** Opening Material to process block **

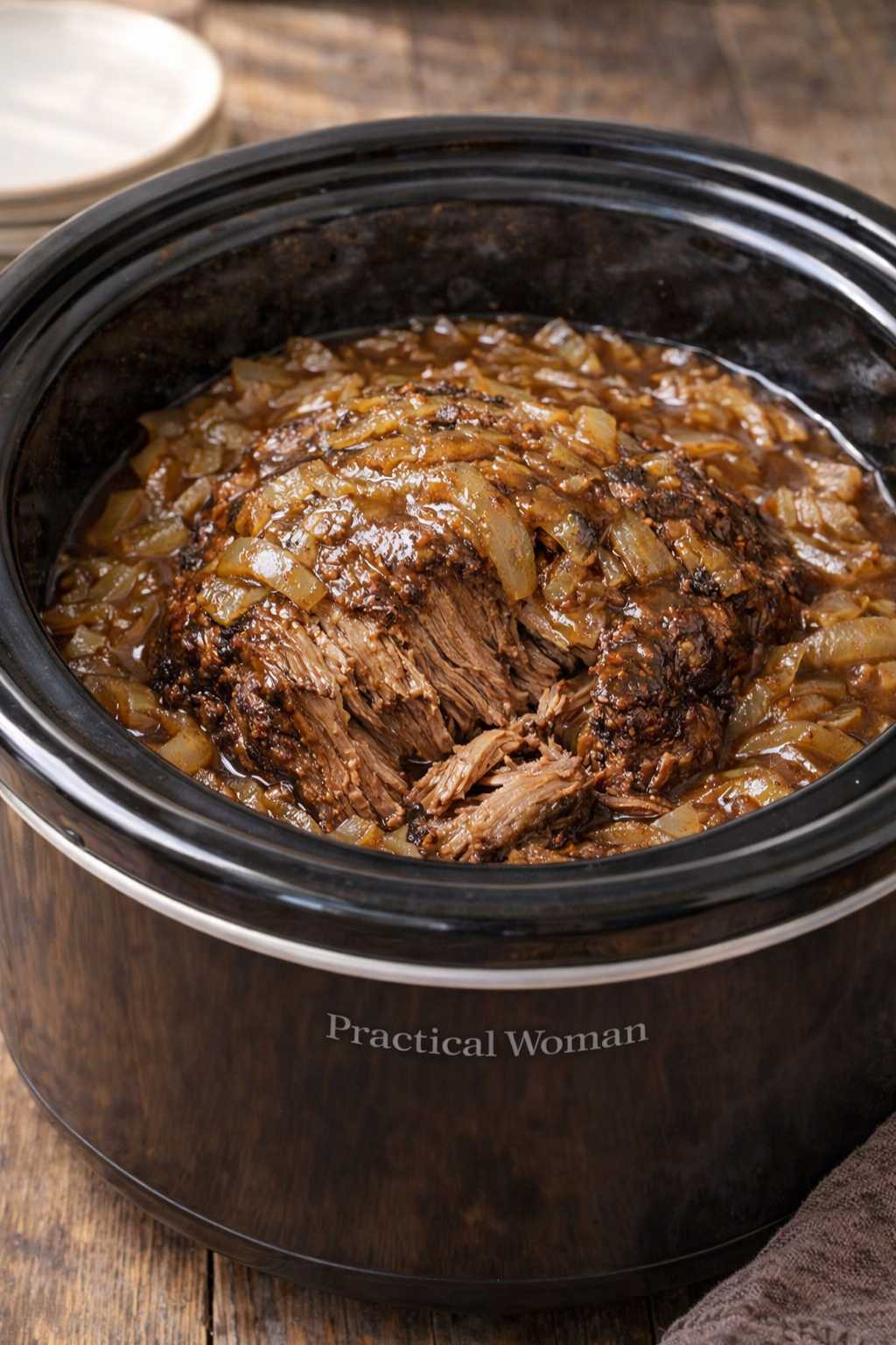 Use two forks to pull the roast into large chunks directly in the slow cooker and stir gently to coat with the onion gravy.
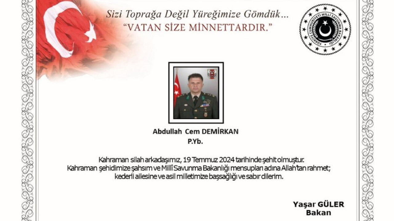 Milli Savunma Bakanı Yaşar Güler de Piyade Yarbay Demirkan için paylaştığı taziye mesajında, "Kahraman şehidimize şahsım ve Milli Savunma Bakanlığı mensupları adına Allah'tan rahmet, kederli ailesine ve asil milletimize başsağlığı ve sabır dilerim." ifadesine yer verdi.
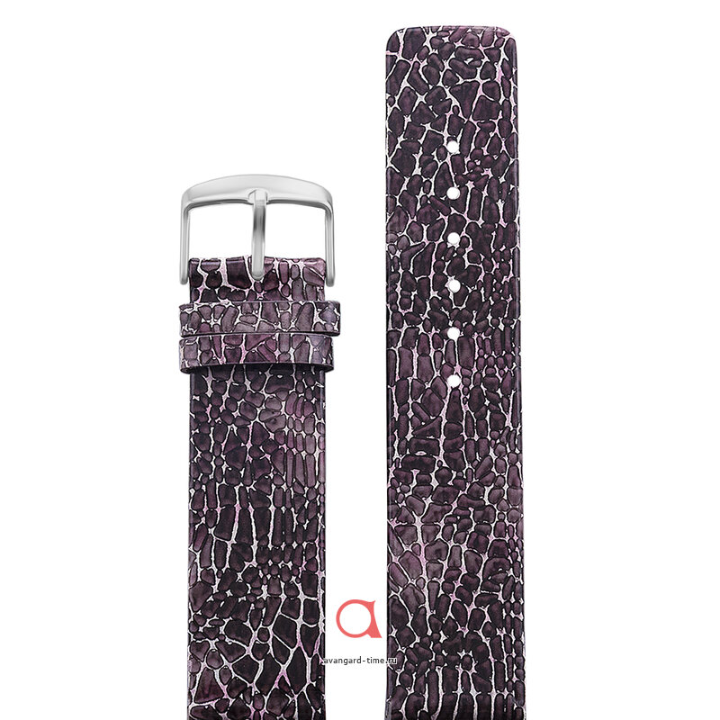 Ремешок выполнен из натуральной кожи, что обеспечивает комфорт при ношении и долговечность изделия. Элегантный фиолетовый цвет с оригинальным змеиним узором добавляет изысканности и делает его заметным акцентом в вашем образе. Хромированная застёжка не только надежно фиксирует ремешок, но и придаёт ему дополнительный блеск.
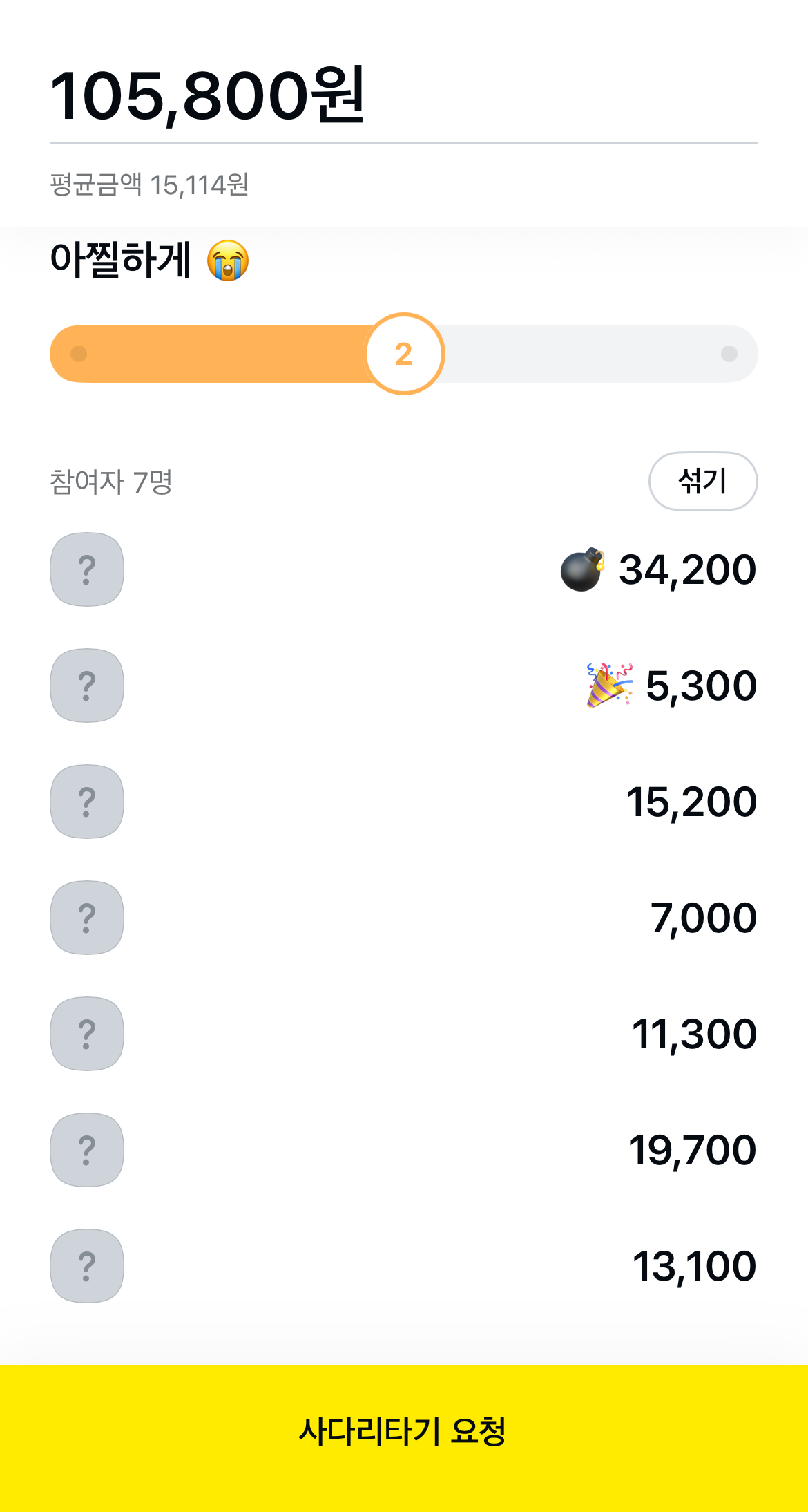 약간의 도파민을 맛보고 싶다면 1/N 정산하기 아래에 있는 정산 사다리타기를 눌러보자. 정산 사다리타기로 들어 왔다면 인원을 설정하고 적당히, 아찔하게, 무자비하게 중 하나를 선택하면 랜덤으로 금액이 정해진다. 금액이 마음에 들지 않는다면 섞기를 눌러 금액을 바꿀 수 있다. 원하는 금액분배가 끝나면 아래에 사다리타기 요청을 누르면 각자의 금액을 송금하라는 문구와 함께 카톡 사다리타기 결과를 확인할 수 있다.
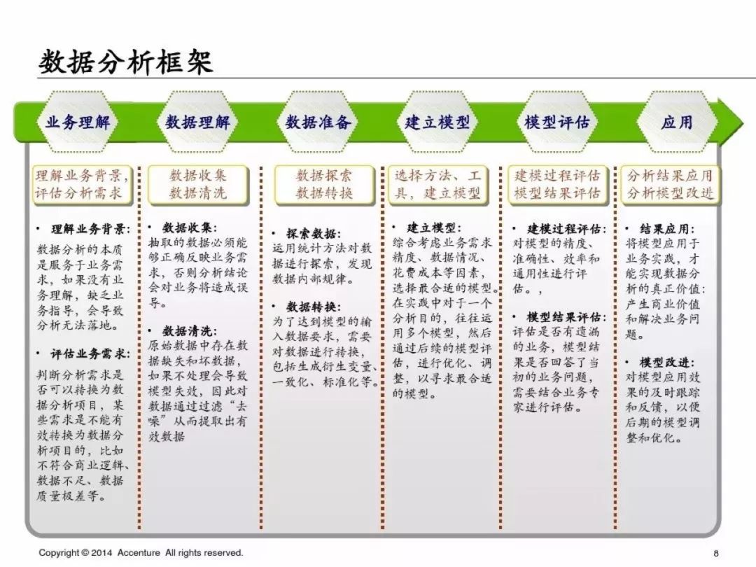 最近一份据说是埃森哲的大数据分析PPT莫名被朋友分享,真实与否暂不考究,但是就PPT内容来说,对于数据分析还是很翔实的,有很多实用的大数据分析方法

** Closing Material to process block **
** Opening Material to process block **

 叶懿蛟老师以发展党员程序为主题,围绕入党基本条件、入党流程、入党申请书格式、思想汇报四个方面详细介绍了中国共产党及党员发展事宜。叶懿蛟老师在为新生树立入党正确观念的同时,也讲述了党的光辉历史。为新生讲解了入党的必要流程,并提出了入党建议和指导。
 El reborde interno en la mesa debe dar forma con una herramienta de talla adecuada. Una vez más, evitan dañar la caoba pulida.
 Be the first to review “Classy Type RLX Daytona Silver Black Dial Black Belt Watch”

** Closing Material to process block **

• **Directions for this task**
Restate word for word the lines in the material above from the one with "叶懿蛟老师以发展党员程序为主" to the one with "Be the first"; both of those lines count, and nothing else does.

• **Task response**
 叶懿蛟老师以发展党员程序为主题,围绕入党基本条件、入党流程、入党申请书格式、思想汇报四个方面详细介绍了中国共产党及党员发展事宜。叶懿蛟老师在为新生树立入党正确观念的同时,也讲述了党的光辉历史。为新生讲解了入党的必要流程,并提出了入党建议和指导。
 El reborde interno en la mesa debe dar forma con una herramienta de talla adecuada. Una vez más, evitan dañar la caoba pulida.
 Be the first to review “Classy Type RLX Daytona Silver Black Dial Black Belt Watch”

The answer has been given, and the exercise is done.